I was glad to be well acclimatised from Kona. I know quite a few people struggled with the temperatures, but I found it quite comfortable. Certainly it had been hotter out there on the Queen K in Hawaii. So I can't blame the temperature for my pace dropping off after a reasonable first lap. My legs just felt on empty and I really had nothing to push any harder with.

In the back of my mind a 1:20 seemed reasonable for 20km in a race. I've certainly managed that pace in the past. Lap one had largely been at the right pace. From then on I just started to slow little by little. I downed a caffeinated gel on the second lap hoping it'd perk me up. Can't say I noticed any difference other than the foul taste it left in my mouth! A reminder of why I usually steer clear of them.
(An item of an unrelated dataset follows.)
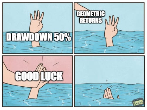 And the above figures are just based on daily normal uncorrelated returns. Introduce some autocorrelation between the returns—or what we call strong momentum—and you see where this can go: either a glorious run for the portfolio or a catastrophic rout sending it into a very deep drawdown. Big drawdowns are what kill returns: after losing 50%, you need a 100% return to break even. Good luck with that.
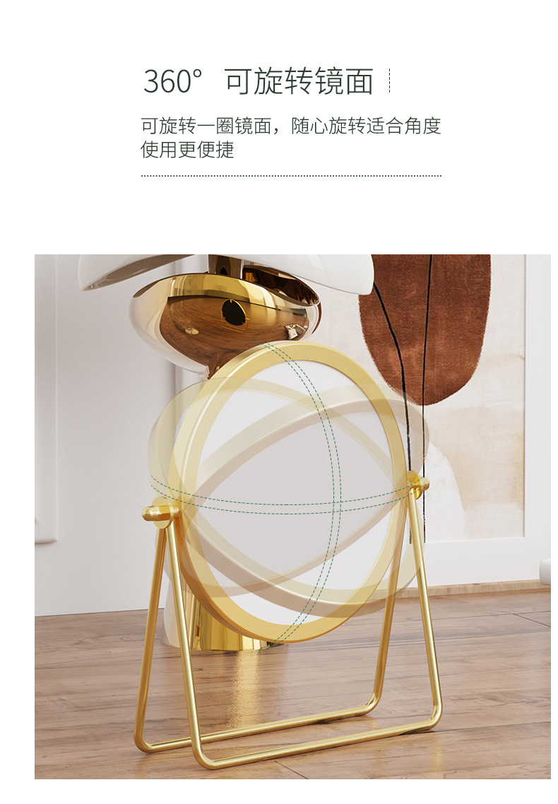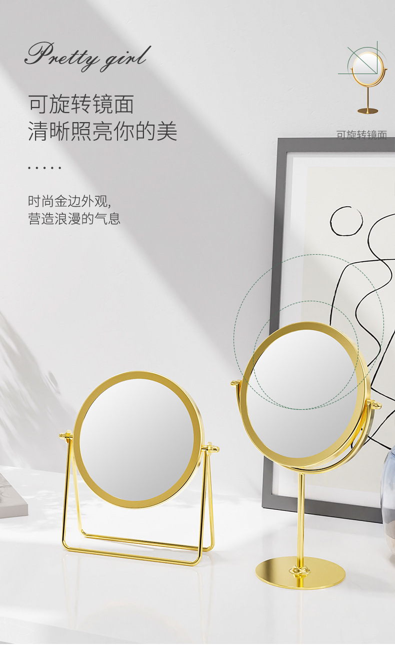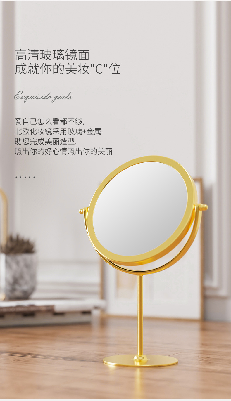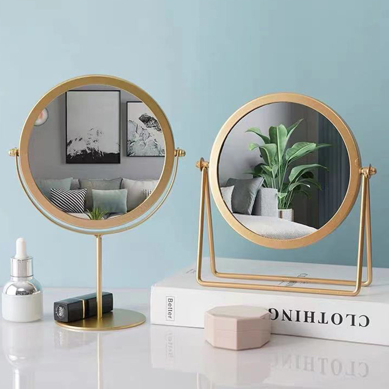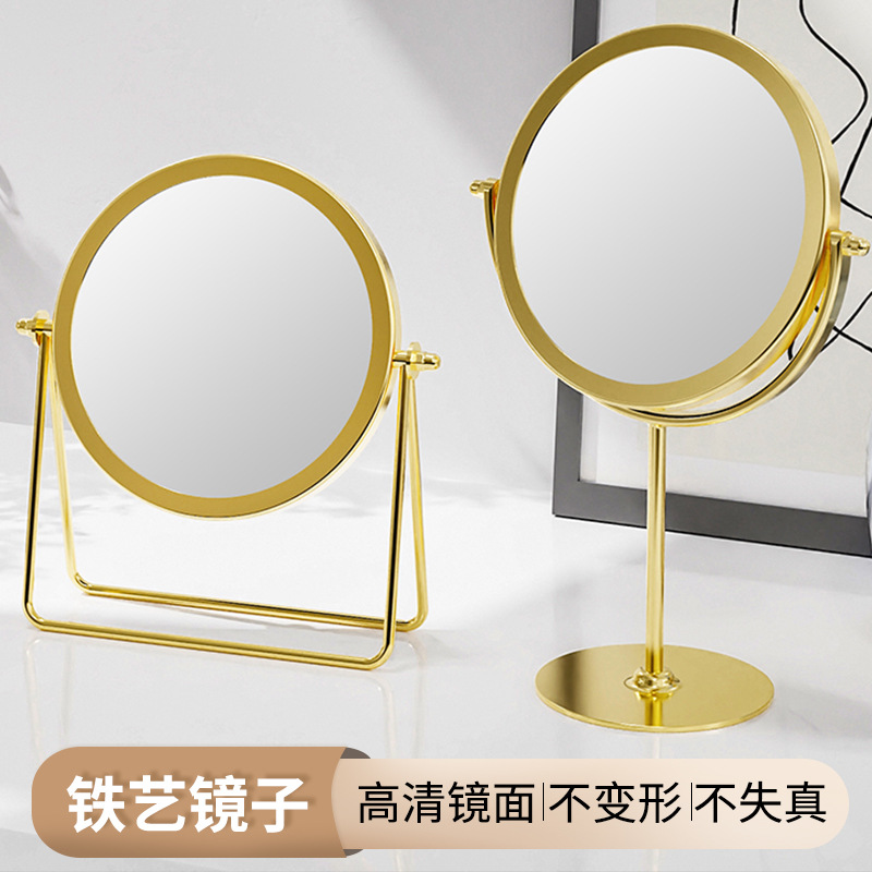 网红款铁艺镜子高颜值台式单面可旋转梳妆镜学生宿舍女桌面化妆镜

By the fourth lap I accepted I wasn't on track for a notable run performance. I tried to push a little more, but it really wasn't until the finish line was within a couple of kilometres I made any real headway. Something about being so close to getting it over and done with helps pick things up. I pushed the last couple of kilometres hard and even managed to gain one more place in my age group. That D on the calf providing good motivation to go harder.

A nice big finish shoot greeted me. I was feeling pretty much done by that point and remember little of it. It was definitely a case of try to hold onto the pace until the job was done. I can't deny I was a little disappointed to see 1:28 on my watch. A far slower run than I'd been expecting, but I really couldn't have done more. Ultimately on the day I was only good for 18th in my age group and 182nd overall.

A friend asked if I'd had fun. So soon after finishing I found it hard to answer that question. At the least it had been a lot less painful than I'd imagined. I'd clearly lacked my top end and had chugged along at an Ironman pace. The body didn't have much more to give to be honest. I guess I still had a fair bit of Kona to get over.

A few more days down the line and I can say I did have fun. Whilst my relative performance wasn't what I'd like in the circumstances it was a solid race. I think the event itself has potential, it'd be great if they continued to run it every year. There's some tweaks to be done, but the course is a lot more fun than its description suggests.

It's always good to race in the GB kit too and the new uniform from Adidas is great. I was pleased with how comfortable it was and relieved given it was my first time using it! As usual big thanks to my sponsors and supporters. I promise the guys at the Reading Open Water Swim Lake and My Sporting Times (www.mysportingtimes.com) I'll be working on the swim. I will get a decent swim out of me at some point! Also thanks to Jaggad (www.jaggad.com) who may not have provided my race kit, but helped out during all the training.

Racing hard so closely to Kona took more out of me than expected and the last few days have been a lot easier than planned. I think it'll do me good as I get ready to race Ironman Western Australia in December. I'm feeling optimistic about that race following this performance. If I can get myself back into form and repeat the performance over the Ironman distance it could go very well.